+++ Recorded information +++
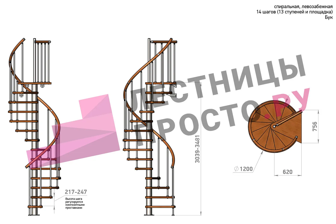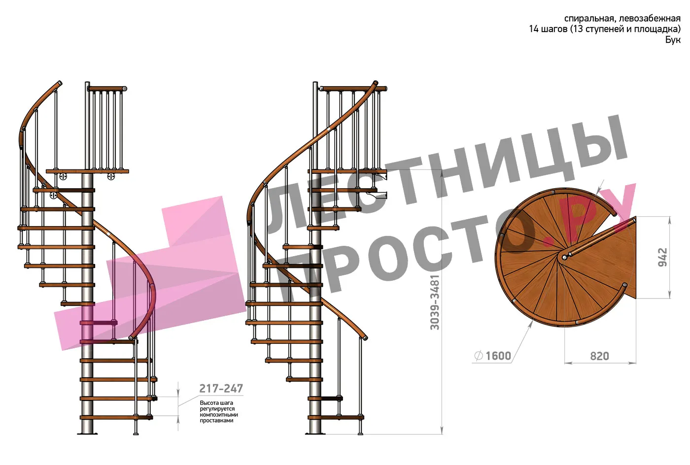 | Винтовая лестница Prosto Spiral Black D140см, h260.5-304.6 см, бук |
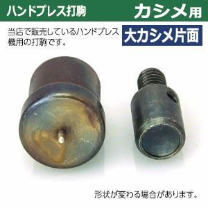 ハンドプレス 打駒 大カシメ 片面 9 mm 大カシメ片面用 上駒下駒 入 上駒 幅13 高31 0 軸幅8 下駒 幅22 高30 3 軸幅19 鉄製 焼き加工 大きいカシメ 片面カシメ 大 頭 ウチコマ ハンドプレ
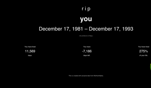 Sử dụng các dữ liệu từ Wolfram|Alpha, website này sẽ tính toán thời điểm c̣n sống của mỗi người dựa vào độ tuổi, giới tính, quốc gia sinh sống.
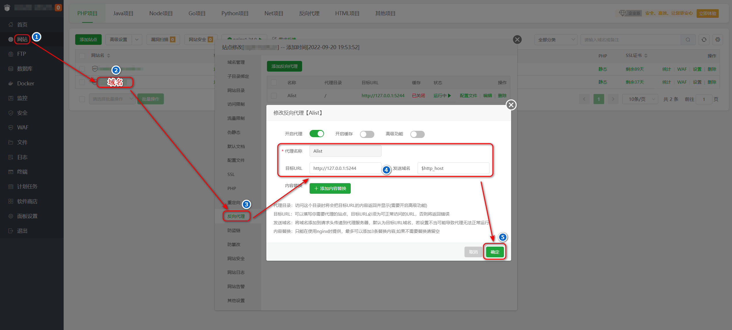 http://ip:5244访问的,为了能够使 OpenList 用https://domain/访问,需要在宝塔中配置 SSL + 反向代理。 - 注意:需先在
+++
What the task asks =
Everything from the line with "Sử dụng các" through the last line above must be repeated exactly, except the pictures.

Result for this exercise =
 Sử dụng các dữ liệu từ Wolfram|Alpha, website này sẽ tính toán thời điểm c̣n sống của mỗi người dựa vào độ tuổi, giới tính, quốc gia sinh sống.
 http://ip:5244访问的,为了能够使 OpenList 用https://domain/访问,需要在宝塔中配置 SSL + 反向代理。 - 注意:需先在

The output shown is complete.